Tuesday, 12 January 2016: 11:30 AM
Room 352 ( New Orleans Ernest N. Morial Convention Center)
In support of a US Geological Survey priority to pursue natural hazard science and a National Science and Technology Council project for Space Weather Operations, Response, and Mitigation, we report on an analysis of the feasibility of mapping surficial geoelectric fields that are induced in the Earth's electrically conducting interior during magnetic storms and which represent a hazard for the operation of electric-power grids. The most difficult challenge for geoelectric mapping is related to the three-dimensional structural complexity of the solid Earth – interior electrical conductivity spans many orders of magnitude and it is distributed across a wide range of spatial scales. To investigate the effect of realistic conductivity structure on storm-time geoelectric induction, we perform a synthetic analysis using impedance tensors obtained from an NSF EarthScope magnetotelluric survey at sites distributed with nominal 70-km spacing across the midwestern United States. With these tensors, we perform a synthetic analysis -- calculating geoelectric variation induced by a geomagnetic field that is spatially uniform, varying sinusoidally in the north-south direction and in time with a period that is characteristic of magnetic storm variation.
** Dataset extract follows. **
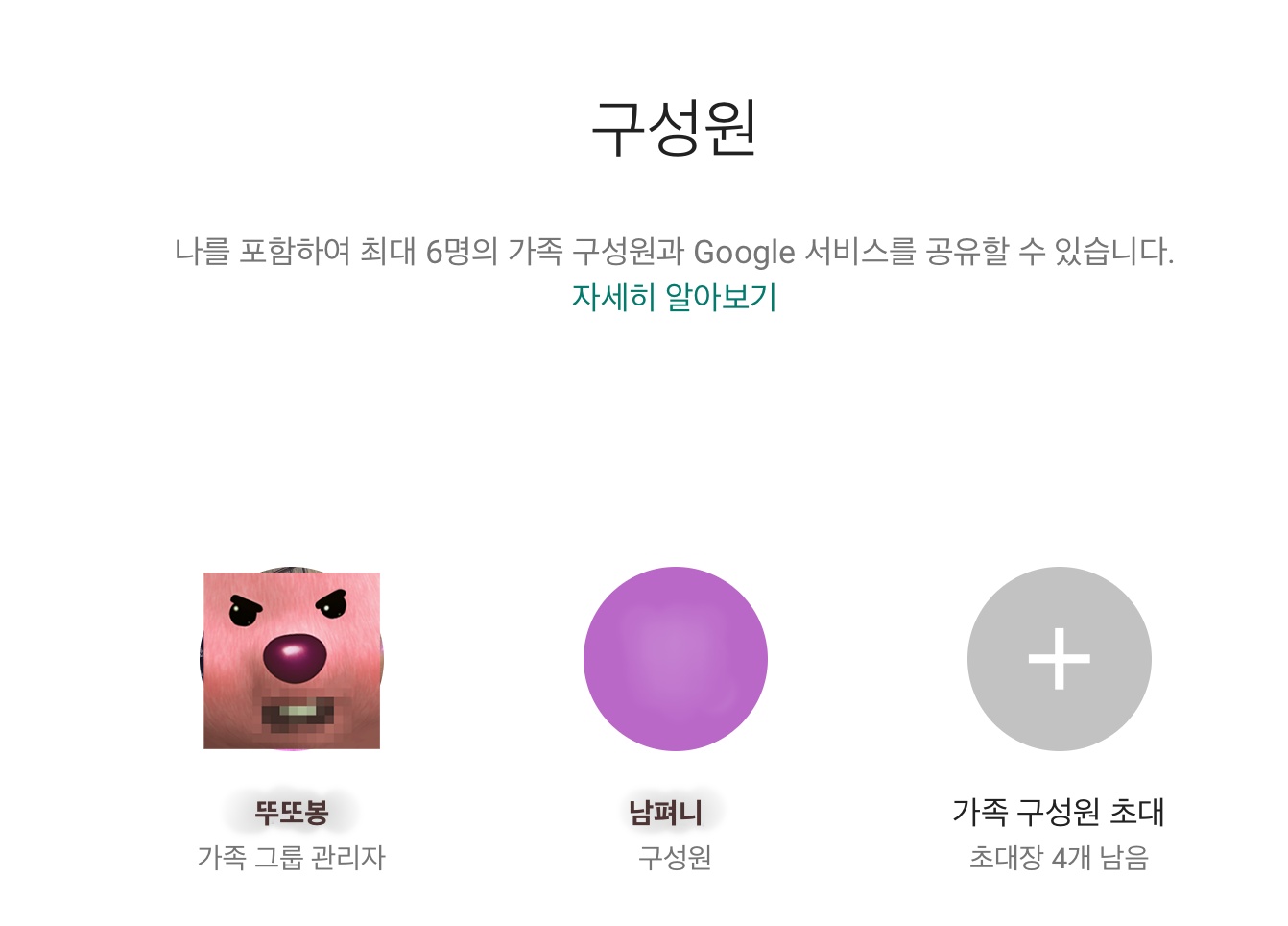 3. 구성원을 최대 6명까지 설정이 가능하다. 제일오른쪽 + 버튼을 눌러서 가족의 구글 메일주소로 초대장을 보낸다. 초대장을 받은 가족이 메일에 확인버튼을 누르면 가족 구성원으로 추가가 된다.

The geoelectric vectors show substantial geographically distributed differences in polarization (with differences between some preferred inductional directions approaching 90 degrees) and magnitude (at least 2 orders of magnitude). This work highlights the need for a complete magnetotelluric survey of the United States, modeling of lithospheric and deep Earth conductivity, continuous geoelectric monitoring at selected sites across the United States, regional assessment of geoelectric hazards, and the development of algorithms for time-domain estimation of geoelectric induction.